At the end of November, the Kids First DRC announced a key upgrade to the Data Resource Portal, in the form of a new interface and updated framework for logging in to access and search data. The upgrade enabled logins using the NIH Research Auth Service (RAS) for improved interoperability and continued security of the data assets housed within the Kids First Data Resource.
By enabling the use of RAS login credentials, the Kids First DRC gives investigators across the NIH easier access to the Data Resource portal. This upgrade also improves interoperability with other NIH programs and ICs, allowing Kids First users to access and more easily combine datasets within those external NIH environments.
Also, this quarter, data engineers at the Kids First DRC vastly expanded our Variant Search tool. Data from 13 additional studies have been uploaded to the Variant Search, bringing the total number of available datasets from 6 to 19.
With the Variant Search tool, Kids First users can perform highly refined queries of genomic data as well as clinical data. With the ability to seek out specific genes and gene variants not only within a single disease area or dataset but across diagnoses and cohorts, users can explore similar underlying causes of cancers, structural birth defects, and other rare disorders. By defining similar factors that may underlie two or more seemingly unrelated diagnoses, investigators may discover commonalities in pathogenesis or novel treatment strategies.

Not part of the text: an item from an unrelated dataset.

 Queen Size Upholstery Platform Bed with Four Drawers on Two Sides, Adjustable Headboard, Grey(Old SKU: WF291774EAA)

The Data Resource team anticipates the addition of more data to the Variant Search tool over the next several months.
Kids First Partnerships
Efforts to upgrade the Kids First login framework are part of a broader effort on the part of the Kids First Data Resource to support the NIH Cloud Platform Interoperability (NCPI) initiative. This collaborative effort seeks to support new discoveries in medical science by creating a federated genomic data ecosystem, easily accessible to investigators across a wide variety of research specialties.

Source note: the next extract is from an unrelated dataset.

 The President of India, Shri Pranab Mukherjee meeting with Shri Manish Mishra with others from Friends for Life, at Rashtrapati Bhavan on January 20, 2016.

By enabling login credentials applicable to a broader cross-section of research disciplines across the NIH, Kids First hopes to support cross-collaboration and new discoveries across disease areas, in both children and adults.

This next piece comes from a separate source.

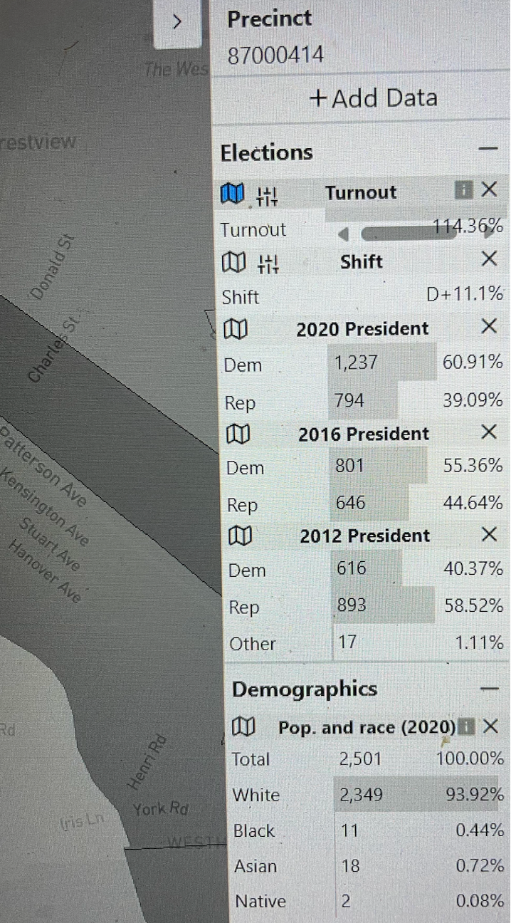 We spend a lot of time talking about obvious things that have serious merit – voter rolls, machines, tabulation equipment, mail balloting, and ballot harvesting. Record keeping is yet another dimension by which voters are being deceived and deprived of due transparency. Imagine an audit of a Fortune 500 company using similar methods to cover up corporate expense abuse, such as the CEO buying vacation homes with company money, or salesmen abusing the expense budget by putting in thousands of dollars in untraceable expenses. There would be hell to pay. These four precincts are not alone in Henrico County – thoroughly disproven, the left will seek to dispute the two databases used to consolidate the missing data that was lodged into an overall bucket for absentee votes for the past two presidential elections, but the truth remains that every vote belongs to a supposed registration – and these registrations are accounted for at the precincts according to Henrico’s own data. Someone has the data of where those ballots came from, and to which voter they belong – and my estimation is that Redistricter and Dave’s Election Atlas have the scent of the trail.

Users of the Kids First Data Resource have more ways than ever to seek help in navigating the Portal and using our analysis tools to their fullest ability.
Aside from our regular Office Hours sessions, held virtually on the second Tuesday of each month from 3:00pm to 4:00pm/ET, as well as on-demand concierge support by our team of data experts, users can also find a wealth of valuable information at the Kids First DRC Help Center and User Support Forum.
At the Help Center, find answers to frequently asked questions, review release notes for Kids First Studies, access how-to guides for searching and analyzing data, and more!
On the Support Forum, users can find latest technical announcements from the Kids First data team, pose questions, engage in dialog with other portal user, and search conversation threads to get the helpful information they need.
To learn more about each of these support resources, contact our Scientific Community Program Manager, Dr. David Higgins, at firstname.lastname@example.org.
Inviting New Collaborations
The Kids First DRC is continuously working to forge new collaborations and assist investigators around the world and across the childhood cancer and structural birth defect research landscape in maximizing the discovery potential of their scientific efforts. Whether partnering with other research efforts or working with researchers to optimize the user experience, Kids First DRC experts and administrators are committed to supporting efforts to develop better treatments and scientific insights for the benefit of children everywhere.